I tend to think of the terms $df$ and $dx$, which we’ll call differentials, intuitively rather than formally, as some small vectors with nearly negligable norm (and negligable squared norm). But you can also think about $dx$ as just another name for $\Delta x$ indicating that it’s small, and $df$ as the ‘leading term’ in $\Delta f$—that is, a quantity satisfying

\[\Delta f = df + o(||dx||),\]

where \(o(\norm{dx})\) is any function such that

\[\underset{||dx|| \to 0}{\lim} \frac{o(||dx||)}{||dx||} = 0.\]

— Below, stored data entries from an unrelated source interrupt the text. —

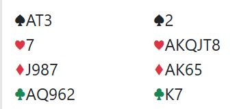 Ett trumfstikk til N/S ble alt de fikk, Norge +1430. Ved det andre bordet spilte Finland utgang så spillet ga 13 IMP til Norge. Litt heldig kanskje, men spilles det god bridge er man ofte heldig og!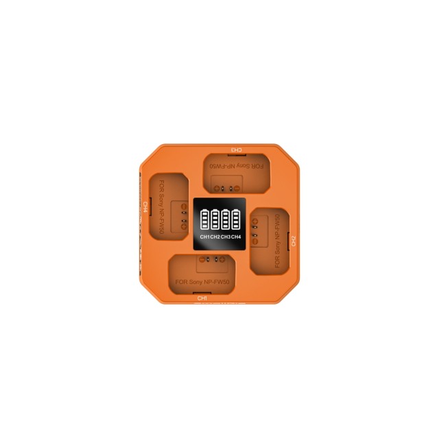 The four dedicated channels allow for simultaneous charging of four NP-FW50 batteries, delivering efficient fast charging to meet demanding shooting schedules.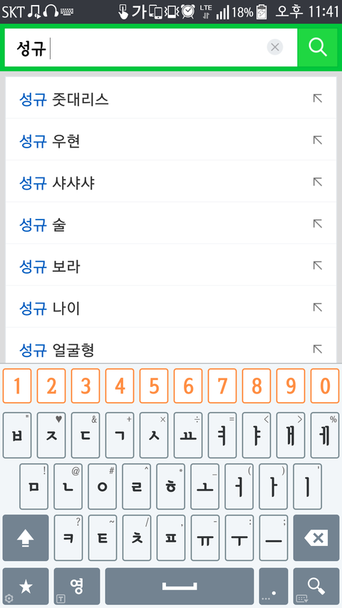 검색창에 성규까지만 쳤는데 줏대리스있어서

Then intuitively, we’d like for this $df$ to look basically like $\Delta f$ when $dx$ is small. We can formalize this to get at the notion of differentiability explicitly:


Definition (Differentiability).

Let $f : V \to W$ be some function between two normed vector spaces, each with a corresponding metric \(\norm{\cdot}_V, \norm{\cdot}_W\). We say that $f$ is differentiable at $x \in V$ if there exists some linear function $D_{f \leftarrow x} : V \to W$ such that

\[\underset{\norm{\Delta x}_V \to \mathbf{0}}{\text{lim}} f(x+ \Delta x) - f(x) \triangleq df = D_{f \leftarrow x}[d x].\]

We call the linear operator $D_{f \leftarrow x}$ the derivative of $f$ with respect to $x$. You might also know it as $\frac{df}{dx}$, $J$, $\nabla_x f$, and so on. Note also that, when this linear transformation is a matrix, vector, or scalar, we might overload notation by also referring to the associated matrix/vector/scalar of transformation as the derivative.

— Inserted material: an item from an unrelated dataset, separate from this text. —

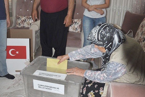 Polis güvenliği ile gidilen evlerde engelli ve hastalar oylarını kullandı. Siyasi parti temsilcileri, emniyet görevlilerinin de bulunduğu 9 kişilik ekipten oluşan seyyar sandığın başkanlığını yapan İbrahim Halil Karahan, "Hastalığı veya engeli nedeniyle yatağa bağımlı olan seçmenlerimize oylarını kullandırıyoruz. İlçemizdeki 13 mahallede 13 seçmenimizin evine giderek güvenli şekilde oylarını kullanmalarını sağlayacağız" dedi. Yaşlılığa bağlı yürüme zorluğu çeken 92 yaşındaki Gülizar Özbal, oyunu evine getirilen seyyar sandıkta kullandı. Yatalak hasta olan 71 yaşındaki Yusuf Koyuncu da seyyar sandıkta oyunu kullandı ve uygulamadan dolayı görevlilere teşekkür etti.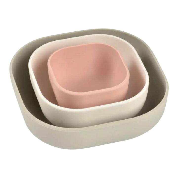 Beaba Silicone Stackable Bowls – Set of 3 – Velvet Grey / Cotton / Dusty Rose

  • Note : I like this notation $D_{f \leftarrow x}$, even though I don’t really see it used often. It emphasizes that $D$ is just some linear transformation, which takes $x$ points to $f$ points. The reversed arrow direction is intended to make the chain rule more obvious, as we’ll be composing linear transformations soon (see the chain rule section).

Recall that, if $V = \mathbb{R}^n$ and $W= \mathbb{R}^m$ for some $n,m$, then it must be possible to write $D_{x \to f}$ as a matrix product with $\Delta x$. This is going to turn out to be the familiar Jacobian from multivariable calculus.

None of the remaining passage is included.